• _TASK_: Apart from the pictures, every entry must be retyped exactly.

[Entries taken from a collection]
_ _ _
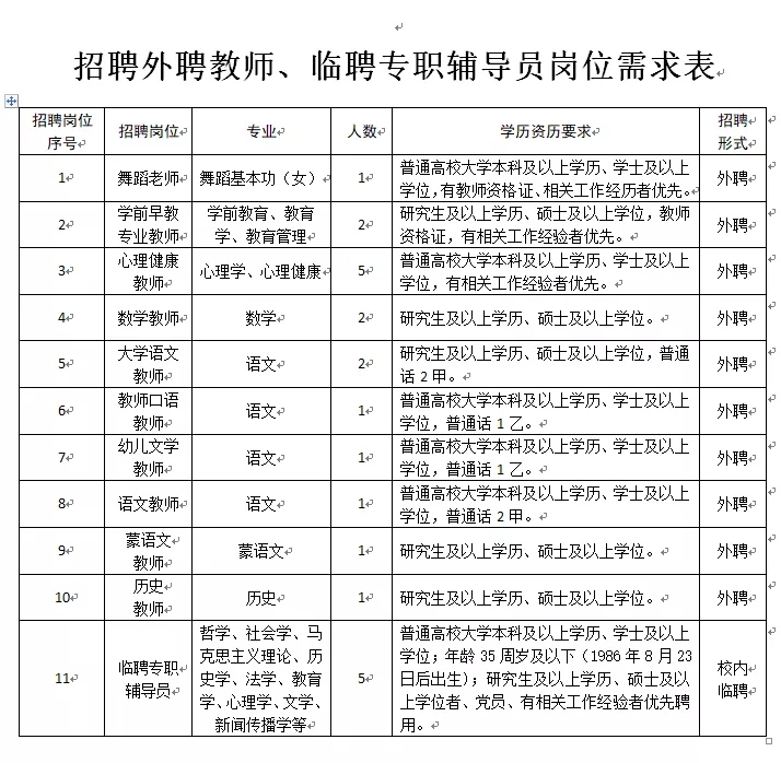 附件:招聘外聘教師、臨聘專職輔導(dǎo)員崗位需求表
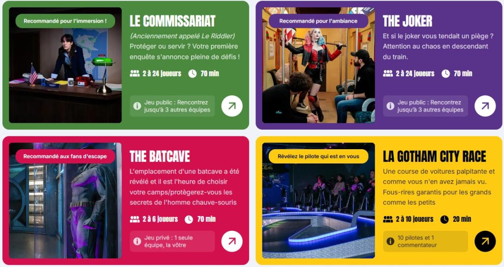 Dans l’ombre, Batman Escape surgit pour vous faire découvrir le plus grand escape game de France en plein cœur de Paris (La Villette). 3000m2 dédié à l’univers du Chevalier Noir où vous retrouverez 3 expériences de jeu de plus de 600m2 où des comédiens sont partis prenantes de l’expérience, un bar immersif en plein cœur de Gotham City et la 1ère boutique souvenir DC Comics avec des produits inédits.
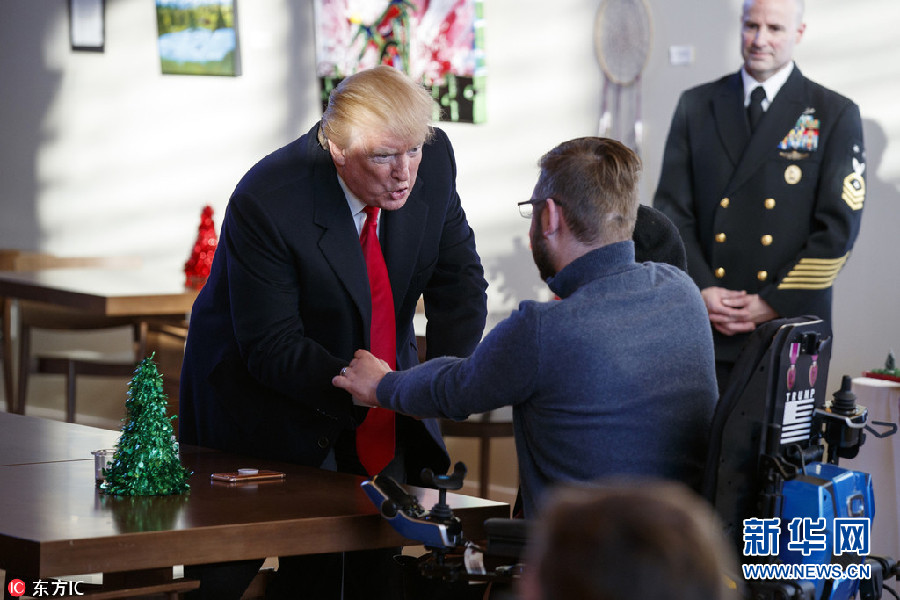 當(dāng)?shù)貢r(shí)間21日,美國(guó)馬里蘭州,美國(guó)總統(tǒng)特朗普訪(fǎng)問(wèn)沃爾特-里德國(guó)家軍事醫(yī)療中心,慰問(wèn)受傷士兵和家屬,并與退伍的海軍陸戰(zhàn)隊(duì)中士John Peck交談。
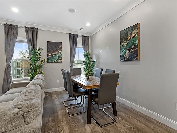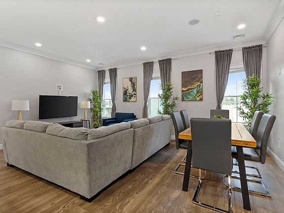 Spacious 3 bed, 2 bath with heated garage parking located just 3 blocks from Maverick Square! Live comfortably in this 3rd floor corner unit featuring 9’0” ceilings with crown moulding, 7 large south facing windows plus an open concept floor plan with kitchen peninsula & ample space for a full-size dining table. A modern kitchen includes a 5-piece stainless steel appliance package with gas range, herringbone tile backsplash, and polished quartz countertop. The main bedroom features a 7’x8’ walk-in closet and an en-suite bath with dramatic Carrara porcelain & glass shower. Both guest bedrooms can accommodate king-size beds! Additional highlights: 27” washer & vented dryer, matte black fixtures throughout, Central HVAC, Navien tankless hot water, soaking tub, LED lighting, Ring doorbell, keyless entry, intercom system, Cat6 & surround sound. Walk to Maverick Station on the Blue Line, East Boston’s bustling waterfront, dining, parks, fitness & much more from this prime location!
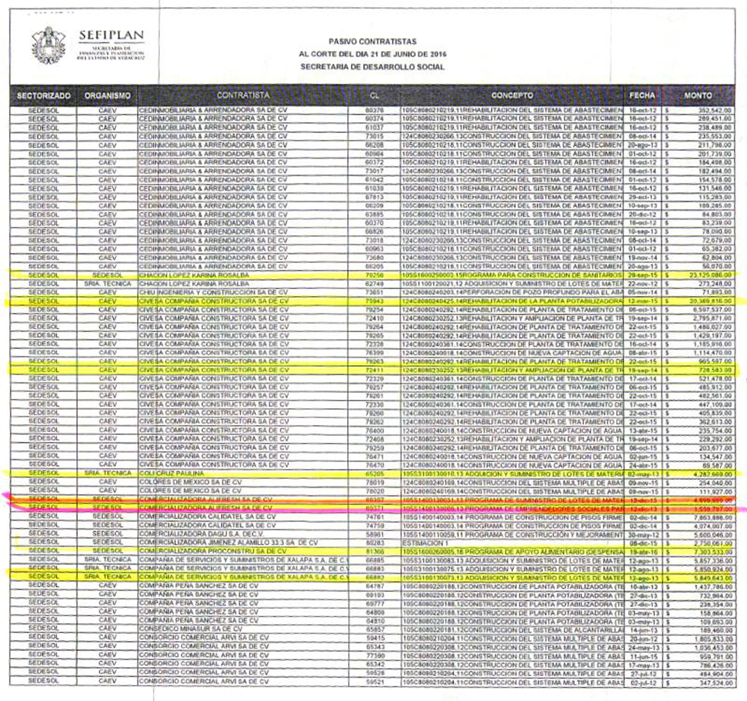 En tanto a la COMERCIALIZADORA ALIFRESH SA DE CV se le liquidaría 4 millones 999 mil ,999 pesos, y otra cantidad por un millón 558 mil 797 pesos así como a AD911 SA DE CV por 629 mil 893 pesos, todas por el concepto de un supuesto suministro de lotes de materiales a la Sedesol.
_ _ _
• _WORKED SOLUTION_:
 附件:招聘外聘教師、臨聘專職輔導(dǎo)員崗位需求表
 Dans l’ombre, Batman Escape surgit pour vous faire découvrir le plus grand escape game de France en plein cœur de Paris (La Villette). 3000m2 dédié à l’univers du Chevalier Noir où vous retrouverez 3 expériences de jeu de plus de 600m2 où des comédiens sont partis prenantes de l’expérience, un bar immersif en plein cœur de Gotham City et la 1ère boutique souvenir DC Comics avec des produits inédits.
 當(dāng)?shù)貢r(shí)間21日,美國(guó)馬里蘭州,美國(guó)總統(tǒng)特朗普訪(fǎng)問(wèn)沃爾特-里德國(guó)家軍事醫(yī)療中心,慰問(wèn)受傷士兵和家屬,并與退伍的海軍陸戰(zhàn)隊(duì)中士John Peck交談。
 Spacious 3 bed, 2 bath with heated garage parking located just 3 blocks from Maverick Square! Live comfortably in this 3rd floor corner unit featuring 9’0” ceilings with crown moulding, 7 large south facing windows plus an open concept floor plan with kitchen peninsula & ample space for a full-size dining table. A modern kitchen includes a 5-piece stainless steel appliance package with gas range, herringbone tile backsplash, and polished quartz countertop. The main bedroom features a 7’x8’ walk-in closet and an en-suite bath with dramatic Carrara porcelain & glass shower. Both guest bedrooms can accommodate king-size beds! Additional highlights: 27” washer & vented dryer, matte black fixtures throughout, Central HVAC, Navien tankless hot water, soaking tub, LED lighting, Ring doorbell, keyless entry, intercom system, Cat6 & surround sound. Walk to Maverick Station on the Blue Line, East Boston’s bustling waterfront, dining, parks, fitness & much more from this prime location!
 En tanto a la COMERCIALIZADORA ALIFRESH SA DE CV se le liquidaría 4 millones 999 mil ,999 pesos, y otra cantidad por un millón 558 mil 797 pesos así como a AD911 SA DE CV por 629 mil 893 pesos, todas por el concepto de un supuesto suministro de lotes de materiales a la Sedesol.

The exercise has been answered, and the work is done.